Where is the .maintenance file in WordPress?
It is usually in the main WordPress root directory, the same folder that contains wp-admin, wp-content, and wp-config.php. It may be hidden, so make sure your file manager shows hidden files.
Why does WordPress get stuck in maintenance mode after plugin updates?
Usually because the update process was interrupted by a timeout, low memory, fatal error, connection issue, or file permission problem. WordPress entered maintenance mode but never finished the cleanup step.
Can WordPress maintenance mode fix itself?
Sometimes, yes, if the issue was only a short delay. But if the site stays stuck for more than a few minutes after an update, it usually needs manual intervention.
Will deleting .maintenance break my site?
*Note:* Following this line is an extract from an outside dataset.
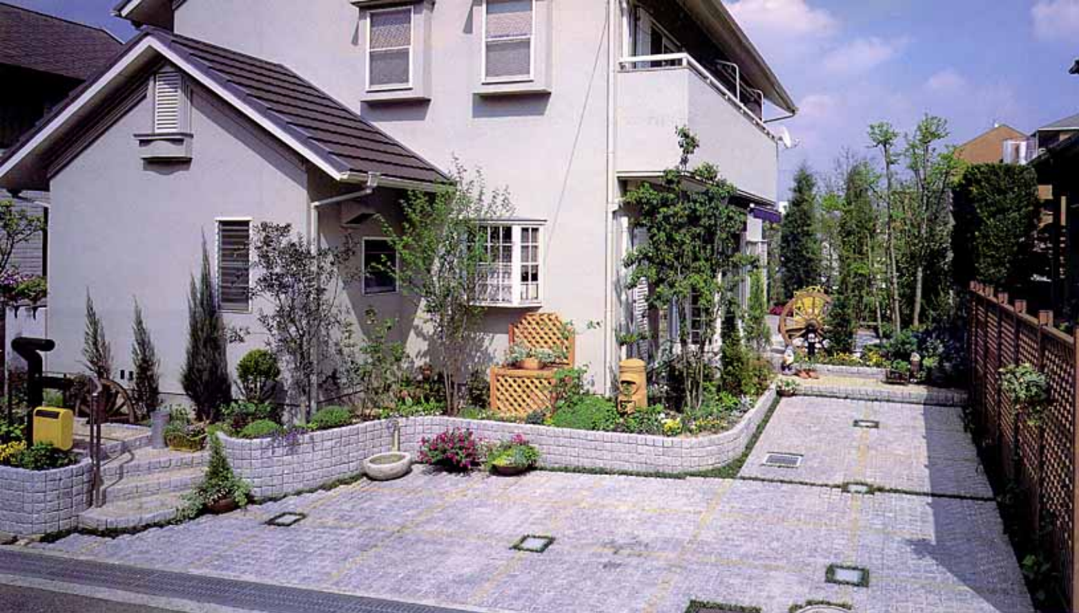
大阪府箕面市 1邸 駐車場側からの景観

No, not by itself. That file is temporary. Deleting it only removes the maintenance lock. If the update failed for a deeper reason, you may still need to fix the plugin, theme, or core files that caused the problem.
Final Thoughts
WordPress stuck in maintenance mode usually looks worse than it is. In most cases, the site is not permanently broken. It is simply trapped behind a temporary file left behind by a failed update.
Start with the fastest fix: delete .maintenance. Then check what changed, clear cache, and isolate the plugin, theme, or server issue that interrupted the update. That order solves the problem much faster than reinstalling WordPress blindly.